Records shown
****

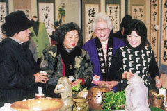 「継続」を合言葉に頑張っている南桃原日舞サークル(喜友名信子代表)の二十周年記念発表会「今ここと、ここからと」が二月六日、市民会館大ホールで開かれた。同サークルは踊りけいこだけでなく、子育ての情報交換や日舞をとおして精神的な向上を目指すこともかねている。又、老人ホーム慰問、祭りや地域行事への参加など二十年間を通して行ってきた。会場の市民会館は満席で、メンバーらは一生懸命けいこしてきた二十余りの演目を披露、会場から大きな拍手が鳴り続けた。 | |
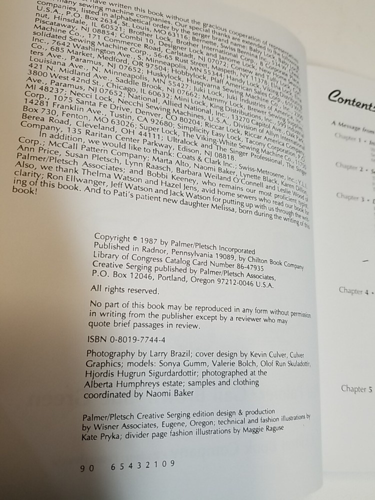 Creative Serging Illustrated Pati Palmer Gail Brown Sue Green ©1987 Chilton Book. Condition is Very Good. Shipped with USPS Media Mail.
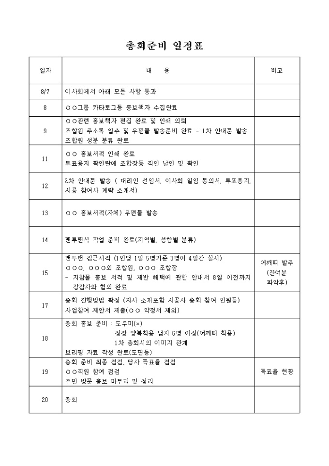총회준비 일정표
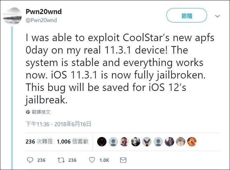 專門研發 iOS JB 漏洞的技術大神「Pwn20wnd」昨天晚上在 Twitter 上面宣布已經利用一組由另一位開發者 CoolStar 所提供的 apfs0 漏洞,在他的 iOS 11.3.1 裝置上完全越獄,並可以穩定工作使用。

****

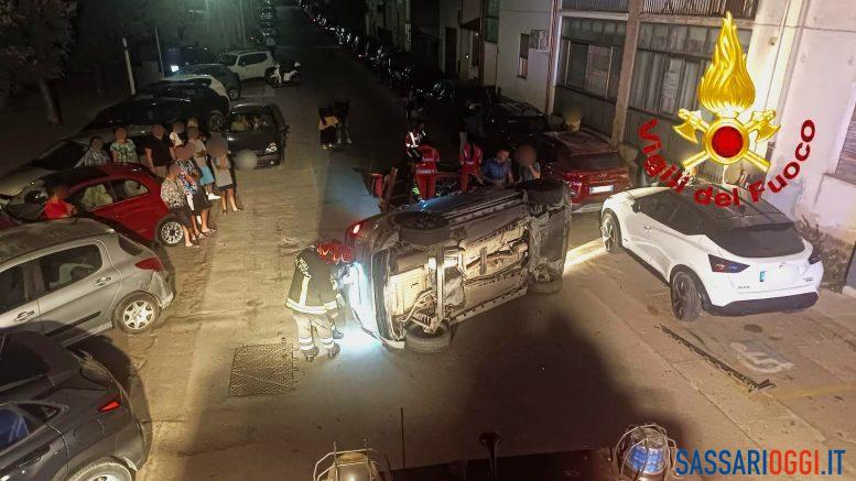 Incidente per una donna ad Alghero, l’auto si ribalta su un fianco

****

Directions for this task
Using the listing above, restate exactly the range between the lines holding "Creative Serging Illustrated" and "專門研發 iOS JB", inclusive, with pictures left out.

Your response
 Creative Serging Illustrated Pati Palmer Gail Brown Sue Green ©1987 Chilton Book. Condition is Very Good. Shipped with USPS Media Mail.
총회준비 일정표
 專門研發 iOS JB 漏洞的技術大神「Pwn20wnd」昨天晚上在 Twitter 上面宣布已經利用一組由另一位開發者 CoolStar 所提供的 apfs0 漏洞,在他的 iOS 11.3.1 裝置上完全越獄,並可以穩定工作使用。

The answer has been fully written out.